Requirement: Find "فرق كشافة حمورابي" below and begin at its line; stop after the line with "本网讯 11月24日至28日". Output those lines exactly, without pictures.

[Records from a data source]
####################

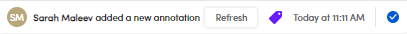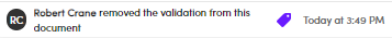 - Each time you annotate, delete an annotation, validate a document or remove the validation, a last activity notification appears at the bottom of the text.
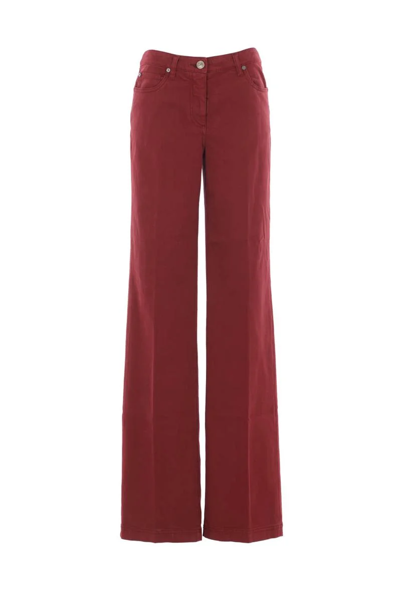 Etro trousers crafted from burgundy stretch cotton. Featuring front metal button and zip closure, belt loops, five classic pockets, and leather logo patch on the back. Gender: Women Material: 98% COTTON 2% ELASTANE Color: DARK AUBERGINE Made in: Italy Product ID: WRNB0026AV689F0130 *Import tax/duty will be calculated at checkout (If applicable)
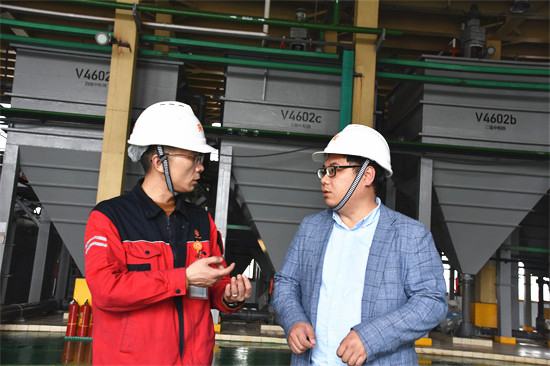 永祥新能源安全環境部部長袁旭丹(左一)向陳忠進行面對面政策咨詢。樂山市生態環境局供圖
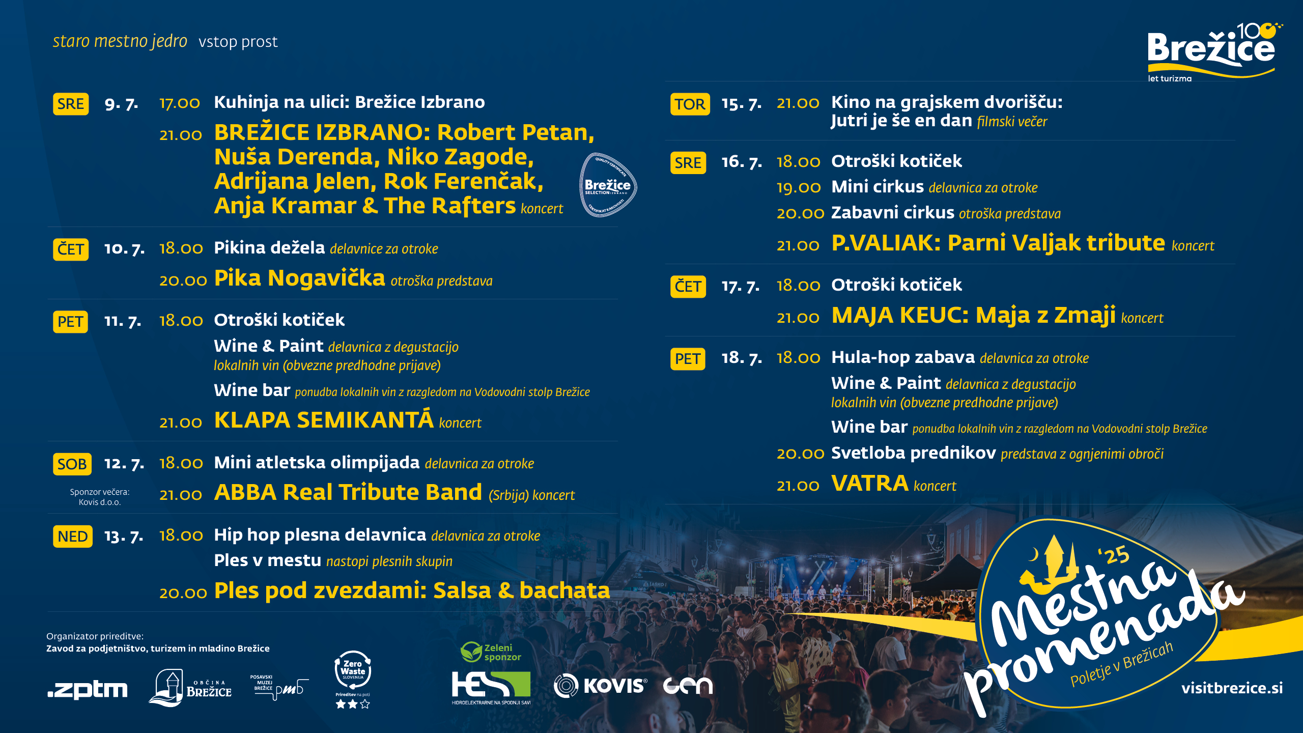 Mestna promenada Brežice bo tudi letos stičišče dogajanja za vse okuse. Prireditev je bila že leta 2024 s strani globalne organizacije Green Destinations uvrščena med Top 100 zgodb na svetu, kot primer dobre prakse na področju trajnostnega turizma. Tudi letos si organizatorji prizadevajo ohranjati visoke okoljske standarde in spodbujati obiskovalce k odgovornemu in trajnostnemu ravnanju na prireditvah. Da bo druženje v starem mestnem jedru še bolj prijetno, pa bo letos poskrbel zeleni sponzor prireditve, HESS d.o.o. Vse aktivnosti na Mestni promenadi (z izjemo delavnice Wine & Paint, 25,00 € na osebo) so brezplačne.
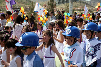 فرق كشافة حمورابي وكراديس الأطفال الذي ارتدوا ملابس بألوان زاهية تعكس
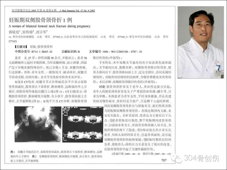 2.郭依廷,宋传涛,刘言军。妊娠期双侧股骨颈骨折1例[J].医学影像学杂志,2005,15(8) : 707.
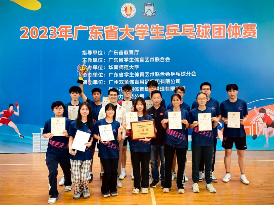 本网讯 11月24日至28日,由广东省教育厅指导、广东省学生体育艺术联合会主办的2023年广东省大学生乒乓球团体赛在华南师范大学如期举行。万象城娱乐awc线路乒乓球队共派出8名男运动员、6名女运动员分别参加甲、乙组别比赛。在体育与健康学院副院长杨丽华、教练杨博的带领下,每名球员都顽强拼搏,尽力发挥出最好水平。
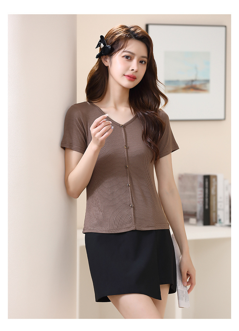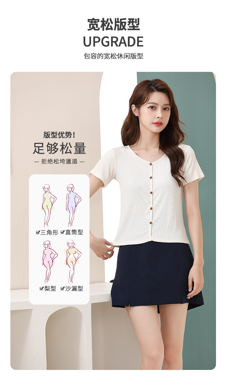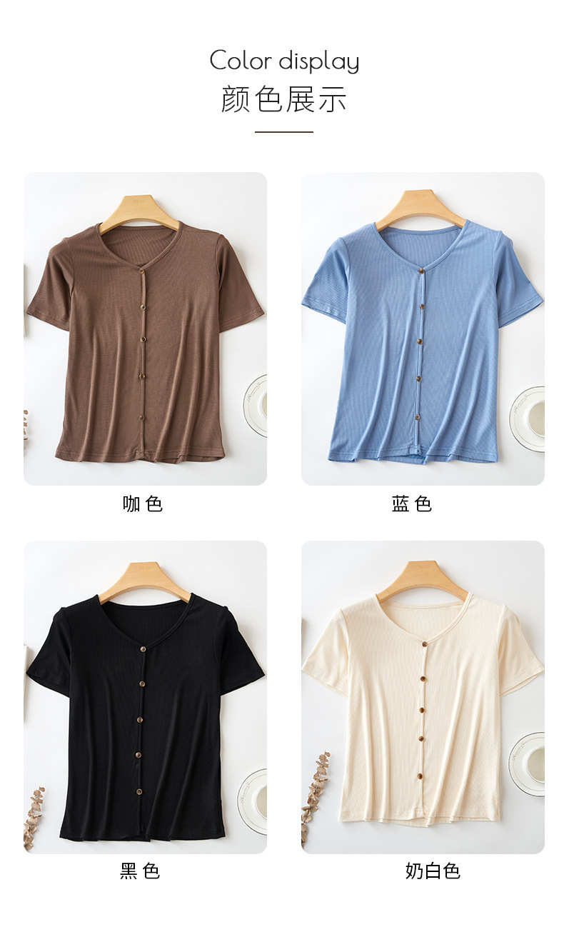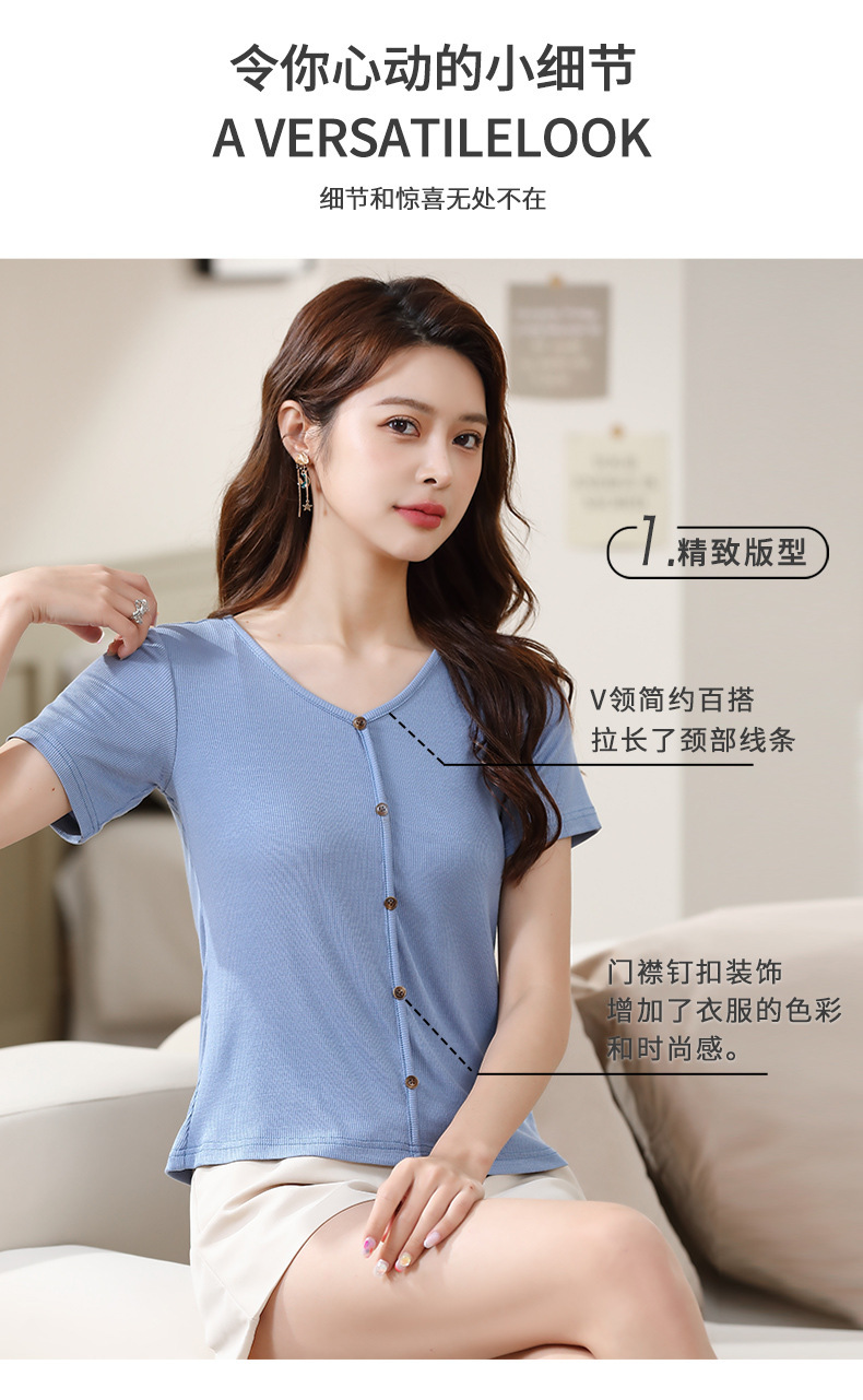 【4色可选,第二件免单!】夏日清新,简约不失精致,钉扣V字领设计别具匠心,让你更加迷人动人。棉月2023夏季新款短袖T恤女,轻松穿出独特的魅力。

####################

Written answer:
 فرق كشافة حمورابي وكراديس الأطفال الذي ارتدوا ملابس بألوان زاهية تعكس
 2.郭依廷,宋传涛,刘言军。妊娠期双侧股骨颈骨折1例[J].医学影像学杂志,2005,15(8) : 707.
 本网讯 11月24日至28日,由广东省教育厅指导、广东省学生体育艺术联合会主办的2023年广东省大学生乒乓球团体赛在华南师范大学如期举行。万象城娱乐awc线路乒乓球队共派出8名男运动员、6名女运动员分别参加甲、乙组别比赛。在体育与健康学院副院长杨丽华、教练杨博的带领下,每名球员都顽强拼搏,尽力发挥出最好水平。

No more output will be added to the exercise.